***** Source material *****

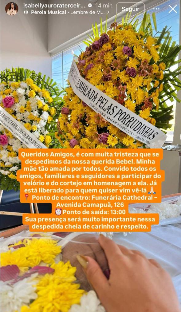 Isabelly também convidou amigos para a despedida, que está sendo realizada na funerária Cathedral, na avenida Camapuã, Zona Norte. O acesso já está liberado para todos. O cortejo até o enterro está marcado para as 13h. “Sua presença será muito importante nessa despedida cheia de carinho e respeito”, escreveu a filha.
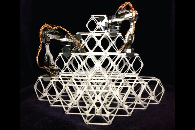 Каждый робот похож на маленькую руку с шарниром посередине, который делает его перемещения похожими на движения гусеницы-пяденицы. На обоих концах устройства имеются инструменты для захвата строительных структур, которые команда называет «воксели». Важно отметить, что робот и строительные структуры выступают как единое целое. Такой подход позволяет ему перемещаться в пространстве без сложной системы камер, датчиков и алгоритмов. Вместо этого, робот может отслеживать свое положение, просто считая шаги на любом сооружении, которое должен построить.
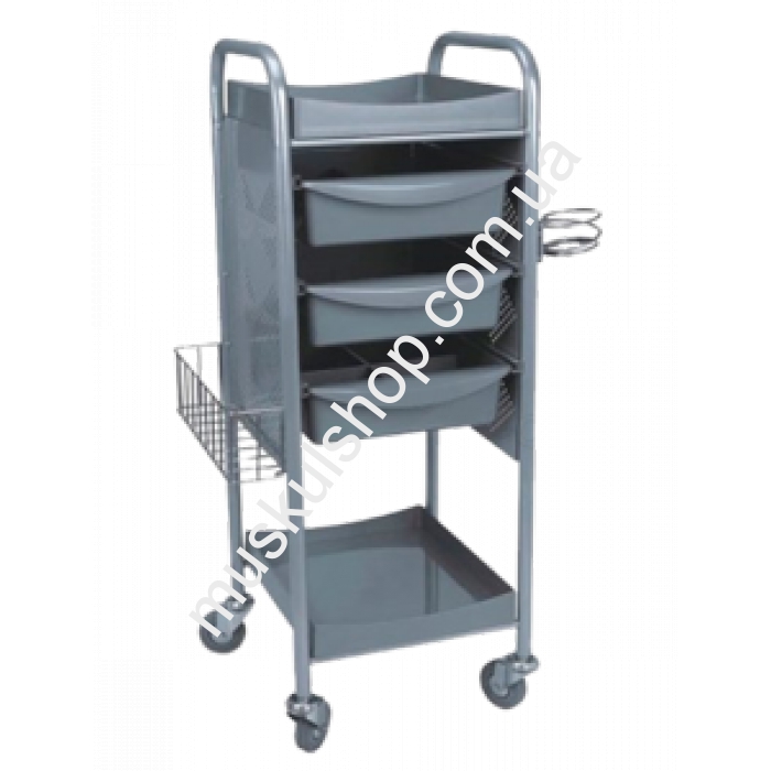 Тележка Asf передвигается на колесиках, комплектуется держателем для расчесок. Безупречный вариант для парикмахеров и косметологов, прочная, высокая, мобильная, лучшей модели не найти, общий вес модели составляет порядка 9 кг, а высота почти 92 см, представлена в черном цвете. Тележка хорошо поддается чистке различными дезинфицирующими средствами, не царапается основание и ящички, просто незаменимый помощник для абсолютно любого специалиста. Тележку применяют для транспортировки и сохранности разнообразных приборов, аппаратуры и всевозможных аксессуаров. Модель укомплектована четырьмя выдвижными ящиками, держателем для фена, держателем для бутылочки.
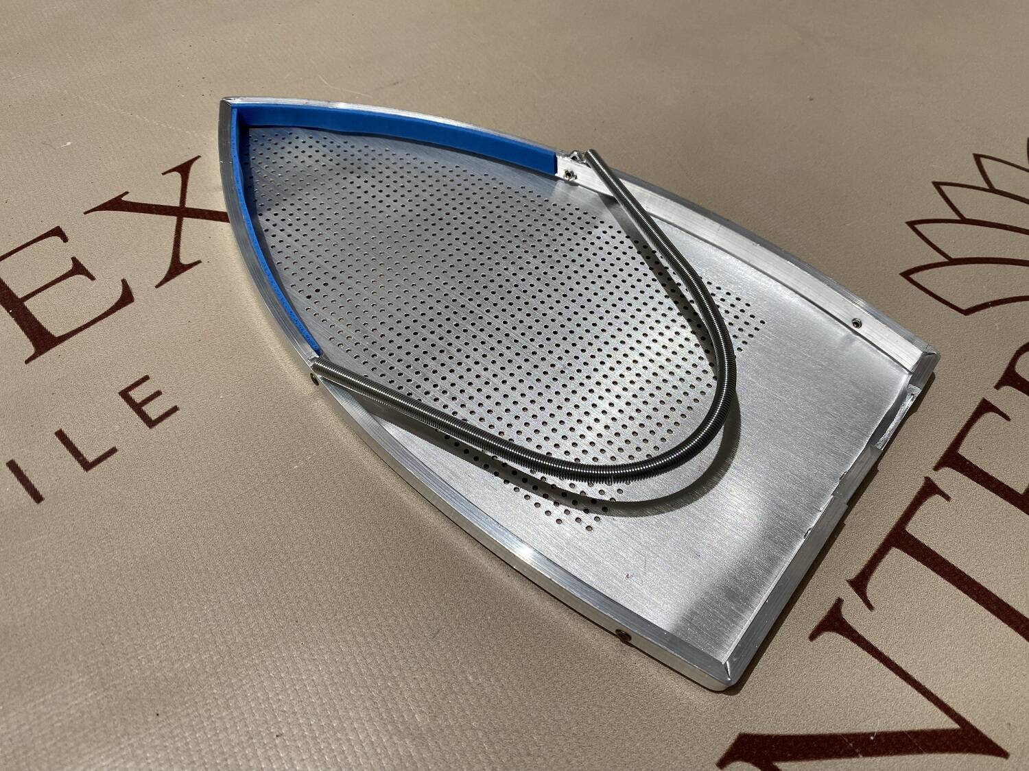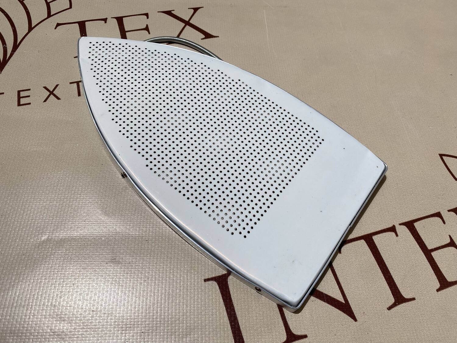 The iron soleplate is a special attachment that attaches to the main surface of the iron to protect fabrics while ironing. Made of heat-resistant Teflon, it prevents overheating and shiny marks on delicate fabrics, including silk, wool, and synthetic fabrics. The soleplate also protects the fabric from burning and reduces the risk of sticking. This accessory significantly extends the service life of the iron, helping to keep it clean and easy to use, especially when ironing delicate materials and decorated items.

*****

What to work on: Transcribe, word for word, only the material from its opening line through the line containing "Тележка Asf передвигается", both ends included, and omit the pictures.

Task output:
 Isabelly também convidou amigos para a despedida, que está sendo realizada na funerária Cathedral, na avenida Camapuã, Zona Norte. O acesso já está liberado para todos. O cortejo até o enterro está marcado para as 13h. “Sua presença será muito importante nessa despedida cheia de carinho e respeito”, escreveu a filha.
 Каждый робот похож на маленькую руку с шарниром посередине, который делает его перемещения похожими на движения гусеницы-пяденицы. На обоих концах устройства имеются инструменты для захвата строительных структур, которые команда называет «воксели». Важно отметить, что робот и строительные структуры выступают как единое целое. Такой подход позволяет ему перемещаться в пространстве без сложной системы камер, датчиков и алгоритмов. Вместо этого, робот может отслеживать свое положение, просто считая шаги на любом сооружении, которое должен построить.
 Тележка Asf передвигается на колесиках, комплектуется держателем для расчесок. Безупречный вариант для парикмахеров и косметологов, прочная, высокая, мобильная, лучшей модели не найти, общий вес модели составляет порядка 9 кг, а высота почти 92 см, представлена в черном цвете. Тележка хорошо поддается чистке различными дезинфицирующими средствами, не царапается основание и ящички, просто незаменимый помощник для абсолютно любого специалиста. Тележку применяют для транспортировки и сохранности разнообразных приборов, аппаратуры и всевозможных аксессуаров. Модель укомплектована четырьмя выдвижными ящиками, держателем для фена, держателем для бутылочки.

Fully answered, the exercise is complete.